Y'a des jours où Ed a juste envie de se placer dans un emo corner et de pleurer toutes les larmes de son petit corps, à l'abris bien sûr des regards indiscrets qui pourraient nuire a sa réputation d'homme viril. Mais aujourd'hui, bien qu'étant depuis 1.5 secondes devenu un de ces jours, il ne peut pas. Le fantasme du préservatif est une chose qui ne peut pas surpasser le fait d'avoir son fantasme sur pattes tout à lui pour la nuit. TANT PIS. Tant pis parce qu'il peut embrasser Kurt. Tant pis parce qu'il peut le toucher tout partout et que c'est complètement autorisé. Tant pis parce que quelque part dans tout ça, il a même gagné une relation, la première depuis longtemps. Tant pis enfin parce que Kurt a cette déconcertante habilité à lui faire oublier tout le reste, juste comme ça. La nuit ne fait que commencer.

Au fait, non, mesdames et messieurs, il n'y a pas de kiwis sur le caleçon d'Edwin, qu'on se le dise et qu'on répande la nouvelle.

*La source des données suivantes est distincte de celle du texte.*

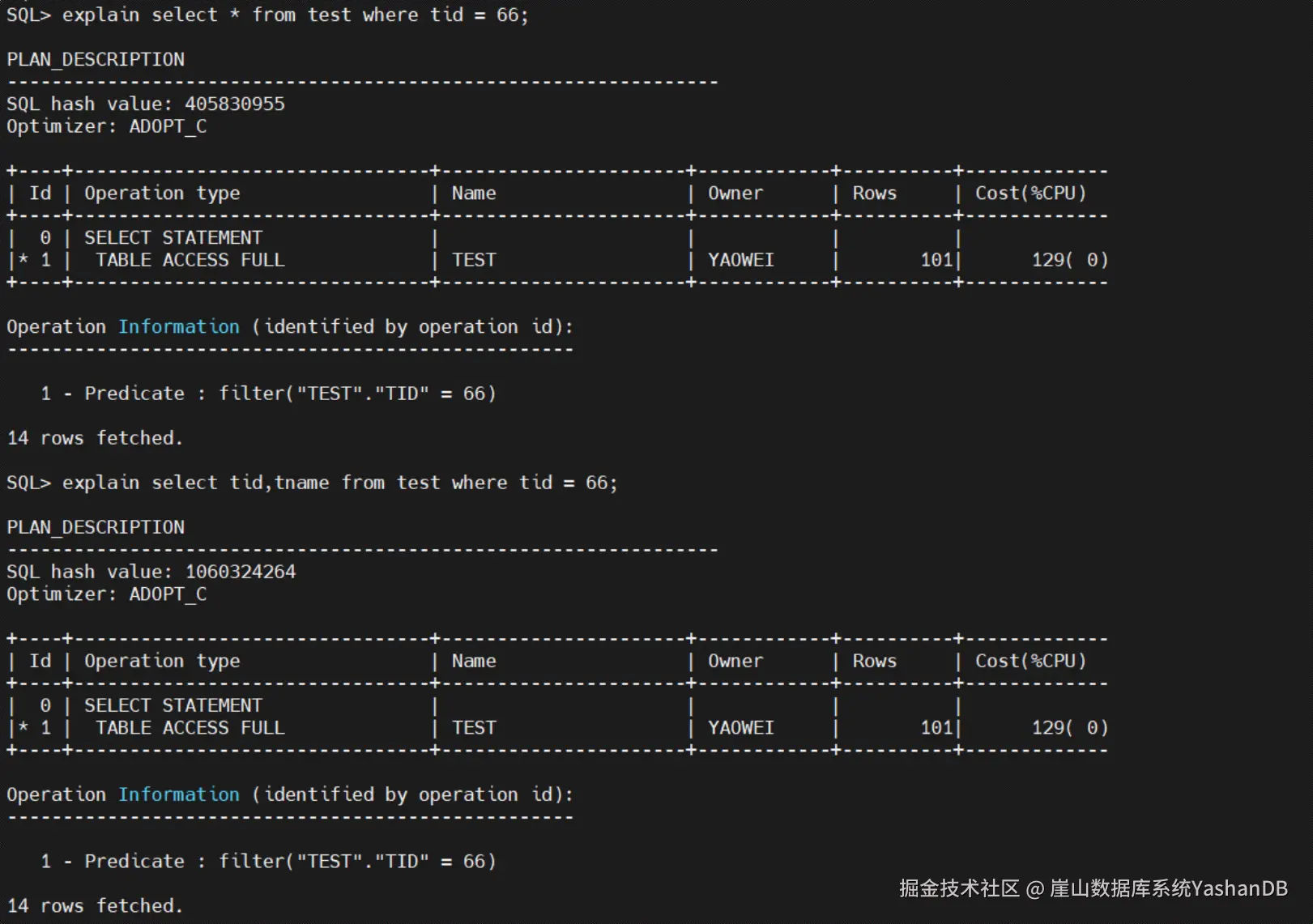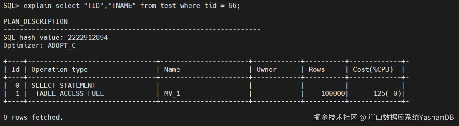 使用select * from test where tid = 66以及select tid,tname from test where tid = 66,均无法进行查询重写:
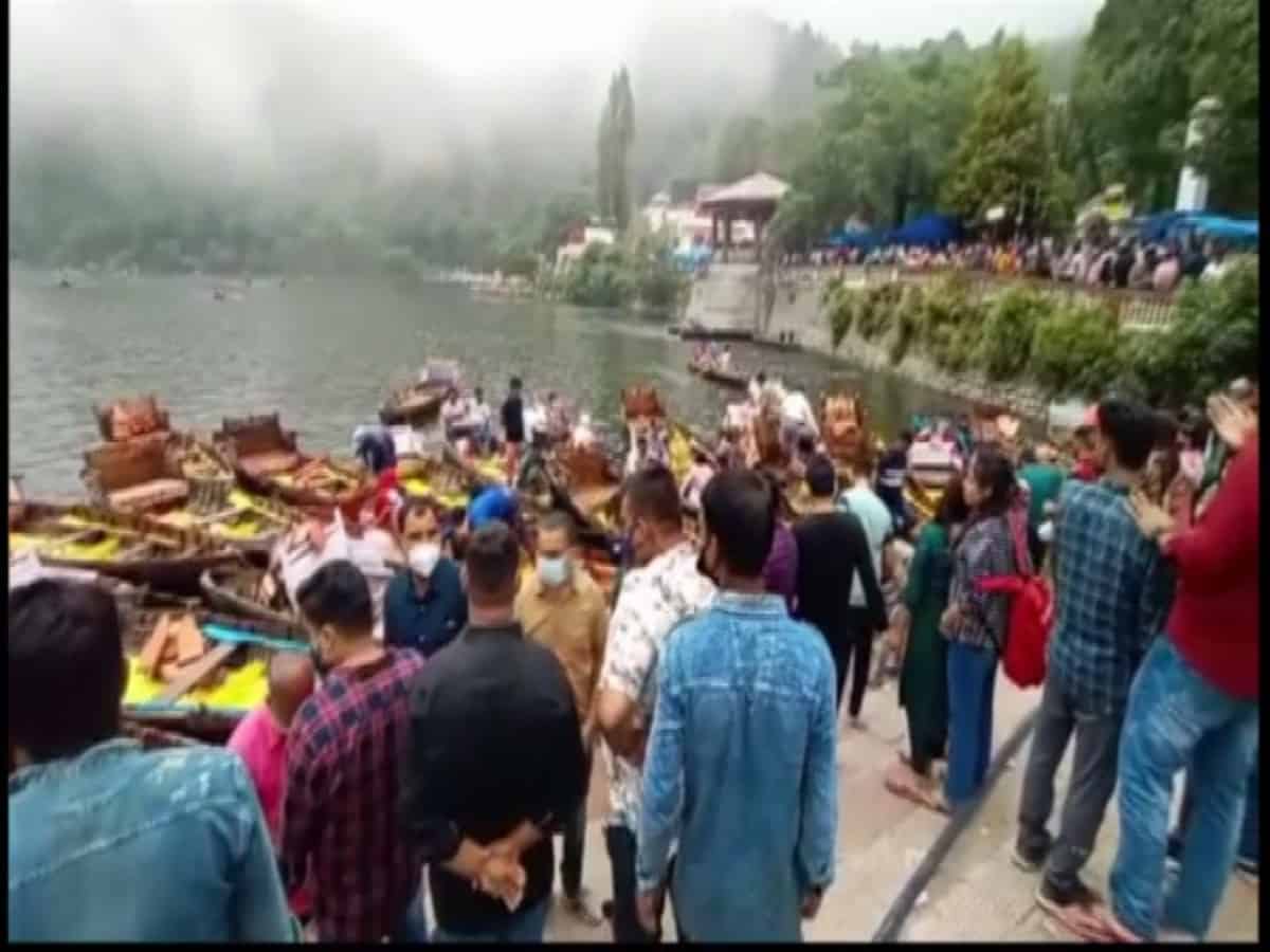 Nainital: After the Uttarakhand administration relaxed lockdown restrictions, a large number of tourists flocked to Nainital, where they could be seen flouting the covid-19 protocols like wearing masks and maintaining social distancing.
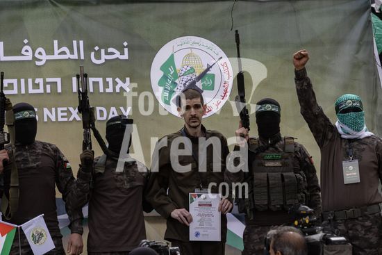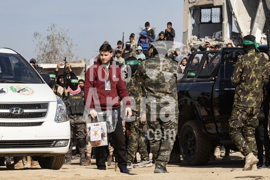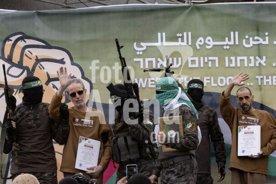 ny080225110719 Hamas fighters escort the hostages Ohad Ben Ami, left and Eli Sharabi to be exchanged in Deir al-Balah, in the Gaza Strip on Saturday, Feb. 8, 2025. In remarks effectively delivered at gunpoint, one of the three hostages exchanged on Saturday thanked Hamas fighters for ÒprotectingÓ him and called for the Israeli government to end the war. (Saher Alghorra/The New York Times/Fotoarena)
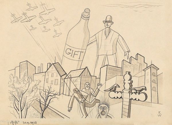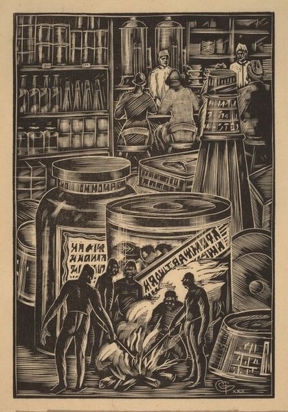 Curator: This graphic art print, likely a poster, created sometime between 1918 and 1919, is titled "Philips zonlicht. Kleuren kiezen bij avond." It resides here at the Rijksmuseum. Editor: My initial impression is dominated by a cool, almost monochromatic scheme—varying shades of blue give the image a distinctive but slightly somber mood. Curator: The artwork immediately situates the Philips lightbulb as a sun, doesn’t it? Before widespread electricity, light represented progress, modernity, and a shift away from darkness—quite literally. It symbolizes a transition in society. Editor: Indeed. Compositionally, the bulb radiates outwards, and its circular form mirrors the circularity of the spools and even the artist's palette below, visually tying the piece together, establishing a clear visual hierarchy. The dynamism emerges from these radial lines juxtaposed with the rectilinear shapes. Curator: Notice how textiles, carpets, and what appear to be spools of thread populate the left of the piece, implying warmth and artistry in the home, under a "Philips zonlicht." Light empowers makers to create and design long after daylight hours. Editor: The materiality—likely printed en masse—works almost paradoxically to highlight this idea of the domestic, the unique crafted object illuminated. The texture of the print becomes almost invisible in service of the illusion. The composition leads your eyes on an interesting voyage across different objects and scenes. Curator: In Dutch Golden Age art, light frequently played a crucial role, particularly as a tool for imbuing spiritual meaning into quotidian scenes. Here, electricity is the "spiritual" force enabling the Dutch home in the modern age, still subtly referencing Dutch tradition. Editor: Looking closely at the texture, I would argue, challenges that spiritual depth. We're reminded of mass production through the print's clear form. The bold type also flattens perspective—foregrounding advertisement. The symbolic depth may be overridden in part by sheer visibility, accessibility. Curator: Ultimately, whether for art or for industry, this artwork evokes a sense of transformation, offering a glimpse into how a simple technology reshaped the perception and practice of daily life. Editor: A striking visual encapsulation of modernity in action.
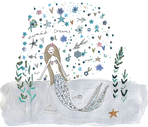 Продолжаем серию статей про раскрытие творческого потенциала через каракули: Все наши статьи по изобразительному искусству здесь. Этот образ русалки как личный вызов — большинство никогда не чувствовали себя уверенно, рисуя людей или лица. Но когда она появилась на бумаге, нас охватило настоящее очарование. Надеемся, ваша русалка тоже заворожит вас своей грацией и магией! ШАГ 1: Карандашом, опираясь на шаблон как на ориентир, наносим русалку на выбранную поверхность. Меняем её по своему вкусу: добавляем кудрявые волосы, удлиняем хвост или меняем позу — пусть она станет именно вашей! ШАГ 2: Когда карандашный набросок готов, обводим все линии чёрной ручкой, а затем стираем карандашные следы. Вокруг неё, в круге из точек, полностью отдаёмся свободным каракулям: рисуем рыбок, цветы, звёздочки, слова, имена или целую цитату — всё, что подсказывает фантазия. ШАГ 3: Для песчаного дна берём нежную золотистую заливку чернилами (или песочный карандаш/краску). Можно усилить морское дно водорослям
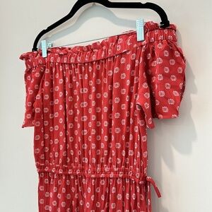 Tags: travel, pattern, billowy, 1 STATE, maxi dress, white, red, short sleeve, shirred, ruched, casual, errands, vacation, beachy, cruise, beach, summer, transition, outfit, date night, everyday, long dress, full length, shoulders, cinched, tassel, boho, pretty, feminine, festival

Au réveil, Ed un peu déconcerté. C'est à dire que... Kurt, dans son lit ? Non pas qu'il s'en plaigne mais - Oh ! Mais oui bien sûr. Un bref mouvement a suffit a lui rappeler toute la nuit qui vient de passer. Et quelle nuit, il signe et re-signe pour en avoir d'autres comme celle-là. Sans hésitation. Et c'est juste trop bien, parce que depuis hier soir, c'est son Kurt. Dans tous les sens du terme et jusqu'à ce que l'un, l'autre ou les deux en aient marre.
A part eux, la chambre est vide - encore heureux - et Ed se sent juste parfaitement bien. Reposé malgré la nuit agitée. Et détendu, ce qui n'est franchement pas un mal. Alors il se permet d'embrasser brièvement Kurt, dans l'espoir de le réveiller au passage. Et puis il lui dit :

- Hey. Bien dormi ?

Ce n'est pas très inspiré, certes, mais loin de là l'idée de penser qu'il se sent mal à l'aise. Au contraire, la situation lui semble même parfaitement naturelle. Ce qui n'est pas sans le conforter dans l'idée que recommencer ne serait pas de refus. Tout en continuant à traîner avec l'homme plus âgé comme ils ont pris l'habitude de le faire.
En plus, il n'aura plus besoin de chercher à éviter par tous les moyens la machine des archives. Kurt en verra de belles à son prochain passage.